The problem:
Your copy should hold only the lines from the one with "El documento presenta" to the one with "写真にはどアップでNinte", both included, each exactly as it stands below, with no pictures.

Task material:
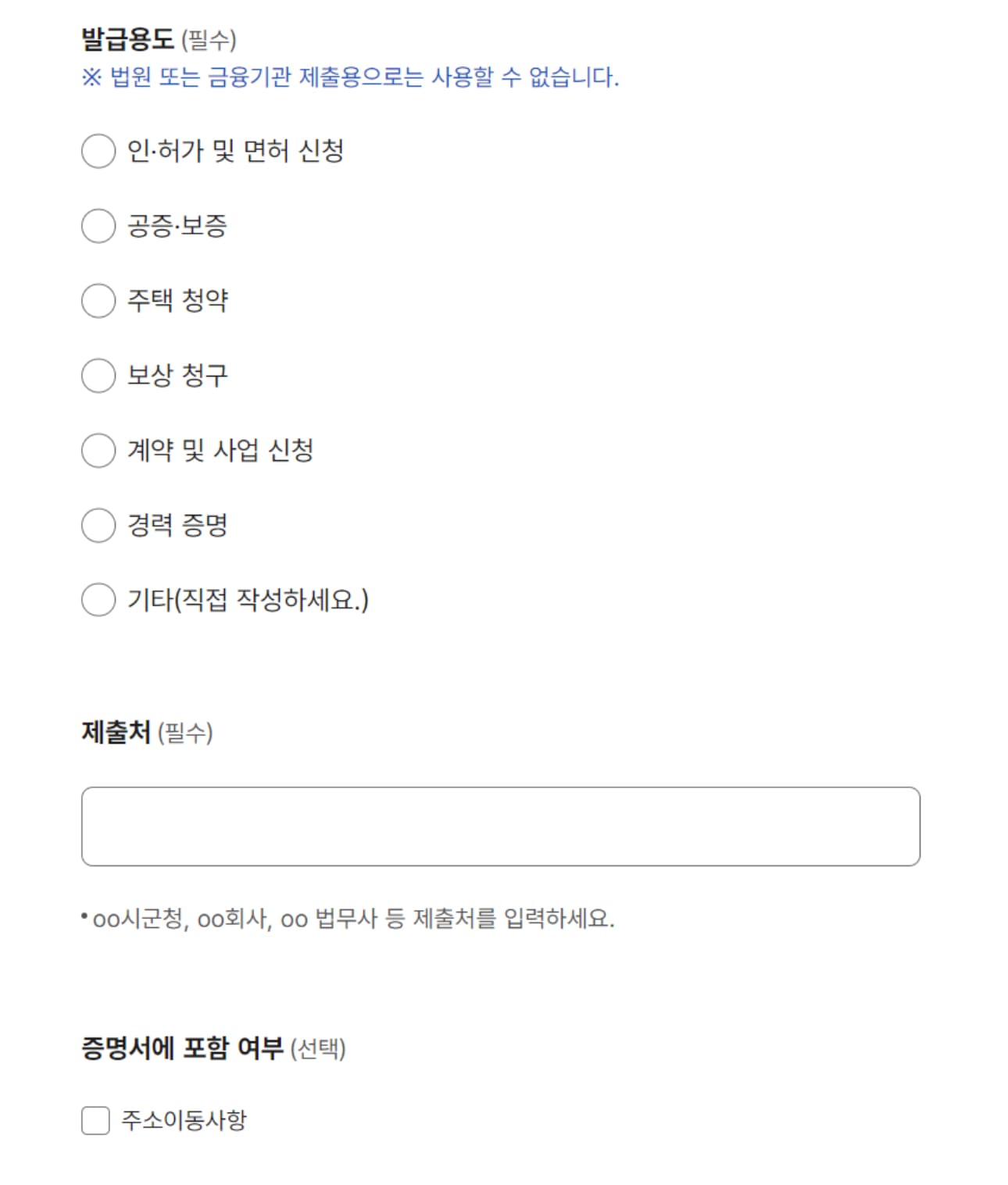 - 법원 또는 금융기관 제출용으로는 사용하실 수 없으니 발급 전 사용 목적을 반드시 확인하세요.
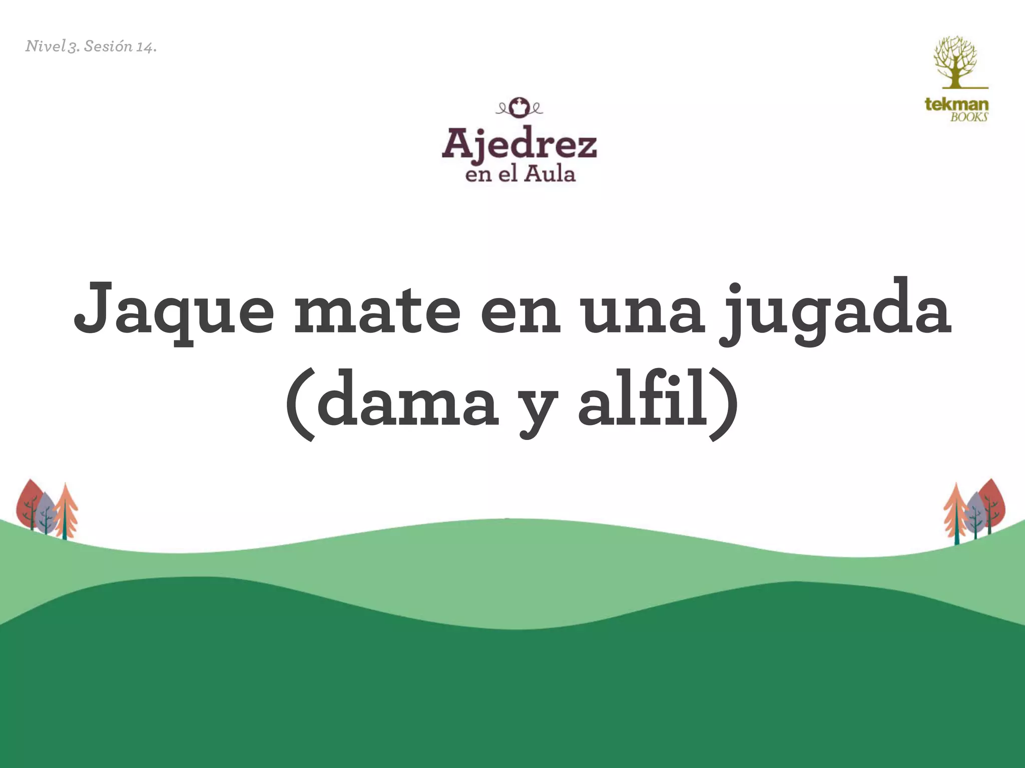 El documento presenta varios ejemplos de jaque mate en una jugada usando una dama y un alfil. En cada ejemplo, las negras o las blancas dan jaque mate moviendo su dama a una casilla donde el rey contrario no puede capturarla porque está defendida por el alfil. El documento concluye con una partida de ejemplo que termina en jaque mate para las blancas.
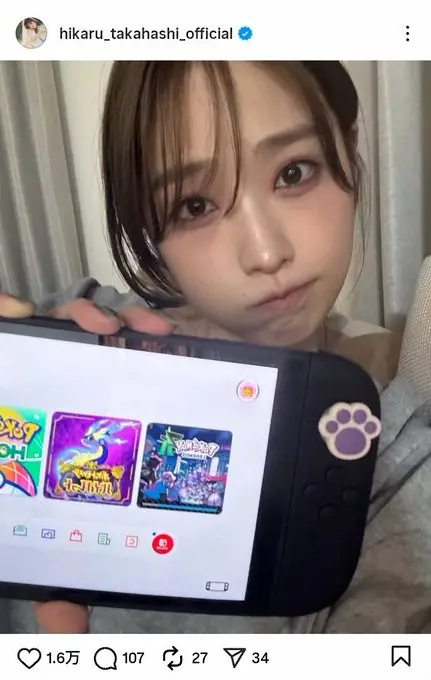 写真にはどアップでNintendo Switchを掲げてキュートな表情を浮かべる高橋の姿が。
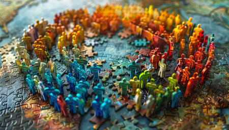 Diverse group of people standing in circle with painted world map on ground, symbolizing unity, connection, and global awareness
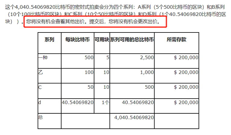 简而言之:官方不给拍卖的底价(也就是不会以比特币当前的价格作为起拍价格);如果你的出价中标了,官方会直接与中标者私下联系,不会公布所有竞拍人的出价情况,也不会公布中标人是以什么价格中标的。
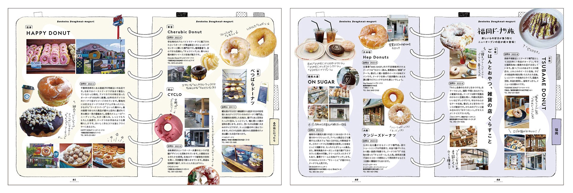 およそ10年前からドーナツの食べ歩きを開始して以来、年間500種類を食べるというイラストレーターでドーナツ探求家の著者・溝呂木一美(みぞろぎ・ひとみ)さんが、全国から選りすぐりのドーナツ&ドーナツ店(140軒)を披露。「第三次ドーナツブーム」のトレンドを牽引する人気専門店から、長年地元で愛されるお店まで、著者が自らの足で食べ歩いた名店を解説する。
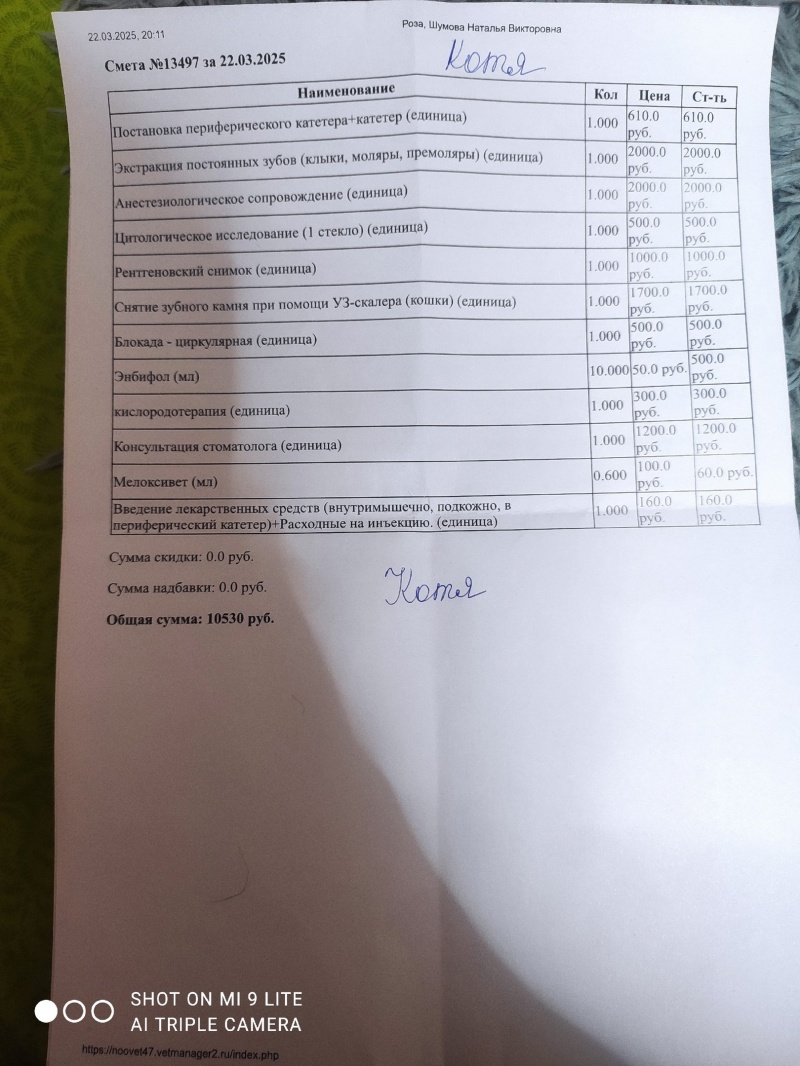 1. Ветеринарные услуги котика Коти на общую сумму: 10,530руб. ( 22.03.2025г. )

Answer to the exercise:
 El documento presenta varios ejemplos de jaque mate en una jugada usando una dama y un alfil. En cada ejemplo, las negras o las blancas dan jaque mate moviendo su dama a una casilla donde el rey contrario no puede capturarla porque está defendida por el alfil. El documento concluye con una partida de ejemplo que termina en jaque mate para las blancas.
 写真にはどアップでNintendo Switchを掲げてキュートな表情を浮かべる高橋の姿が。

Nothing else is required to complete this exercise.